We have proved to be a nation of solar enthusiasts, but the job is very far from done. There is still an enormous, untapped opportunity for even more solar-powered renewable energy generation in this country.

In many ways there is an obligation too. The built environment contributes a staggering 40% of the UK’s carbon emissions. Unless we can heat and power all our buildings – homes, offices, schools and hospitals – in a radically different way, the government’s target of reaching net zero carbon by 2050 will prove completely undeliverable. 

But at the Active Building Centre, we believe we can be even more ambitious, and look beyond a zero-emission goal for the UK’s housing stock. Let’s have homes that are no longer a liability on the national emissions balance sheet, but are assets instead.

Unsurprisingly, solar will again have a crucial role to play in this next stage of the energy transition. The industry already promotes battery storage and smart systems that manage and optimise energy consumption, working alongside those photovoltaic cells. This matches our vision of how the best future homes will look: ultra-flexible, energy-efficient buildings with electrified heating, electric vehicle charging points and battery storage, all integrated into an intelligent system.

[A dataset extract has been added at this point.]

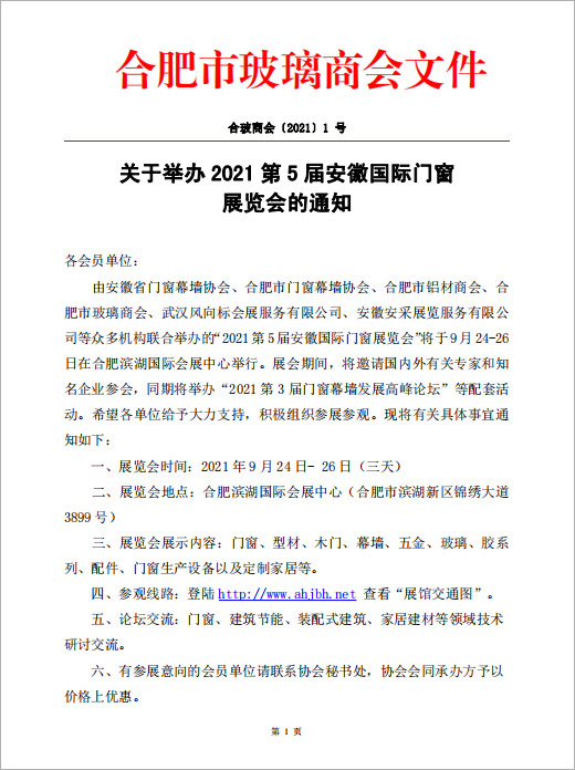 合肥市玻璃商会《关于举办2021安徽门窗展》的通知

We call those Active buildings, and they will be an important part of all our futures. Indeed, they will set the very standard for all our future homes. 

Importantly, however, an Active home also has the ability to redistribute energy back into the grid, depending on the smart system calculating when is best to store surplus energy and when is best to sell it. This earns a return for the homeowner and, applied on a national scale, converts the UK’s housing stock into a network of millions of decentralised renewable power stations. Excitingly, those personal power stations can come in many forms – wind and hydrogen can play their roles – but solar will be a critical part of this energy mix.

Solar is an exemplar of how many of the technologies that will power Active homes are already proven and available off the shelf. Others, like the new generation of heat pumps that our engineers are working on, will continue to be refined and upgraded. 

Our job at the Active Building Centre is to show how these different technologies can be affordably and effectively integrated into smart and self-sufficient energy systems. And as Active homes become the norm, the energy make-up of the UK will be radically transformed – with those glorious solar cells dotting even more of our roofs.